*DATA EXCERPT*
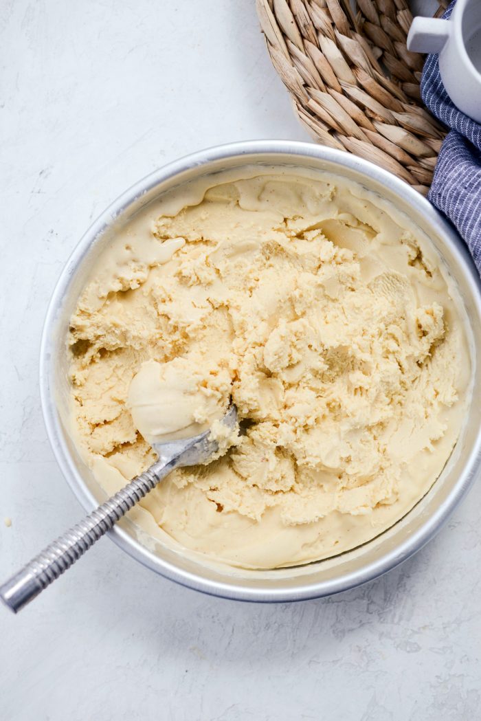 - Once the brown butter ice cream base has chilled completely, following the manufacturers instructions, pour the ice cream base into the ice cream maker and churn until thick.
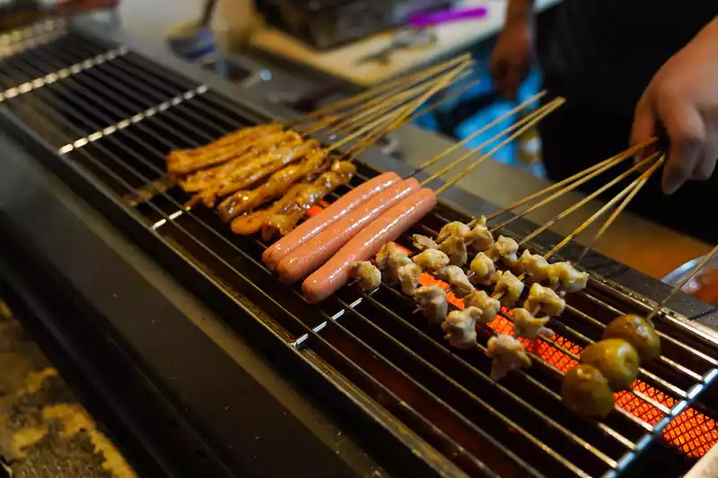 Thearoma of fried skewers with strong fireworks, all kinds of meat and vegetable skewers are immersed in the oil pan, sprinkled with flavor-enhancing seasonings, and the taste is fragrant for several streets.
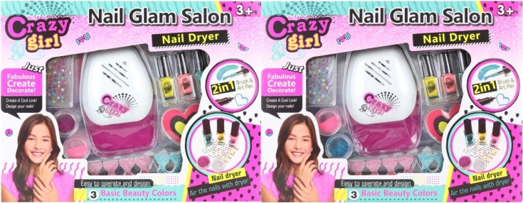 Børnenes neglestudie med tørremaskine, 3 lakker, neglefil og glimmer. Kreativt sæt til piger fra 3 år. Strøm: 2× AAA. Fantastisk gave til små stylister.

*PROBLEM DESCRIPTION*
Could you transcribe all of the data exactly, keeping every picture out of the copy?

*EXERCISE SOLUTION*
 - Once the brown butter ice cream base has chilled completely, following the manufacturers instructions, pour the ice cream base into the ice cream maker and churn until thick.
 Thearoma of fried skewers with strong fireworks, all kinds of meat and vegetable skewers are immersed in the oil pan, sprinkled with flavor-enhancing seasonings, and the taste is fragrant for several streets.
 Børnenes neglestudie med tørremaskine, 3 lakker, neglefil og glimmer. Kreativt sæt til piger fra 3 år. Strøm: 2× AAA. Fantastisk gave til små stylister.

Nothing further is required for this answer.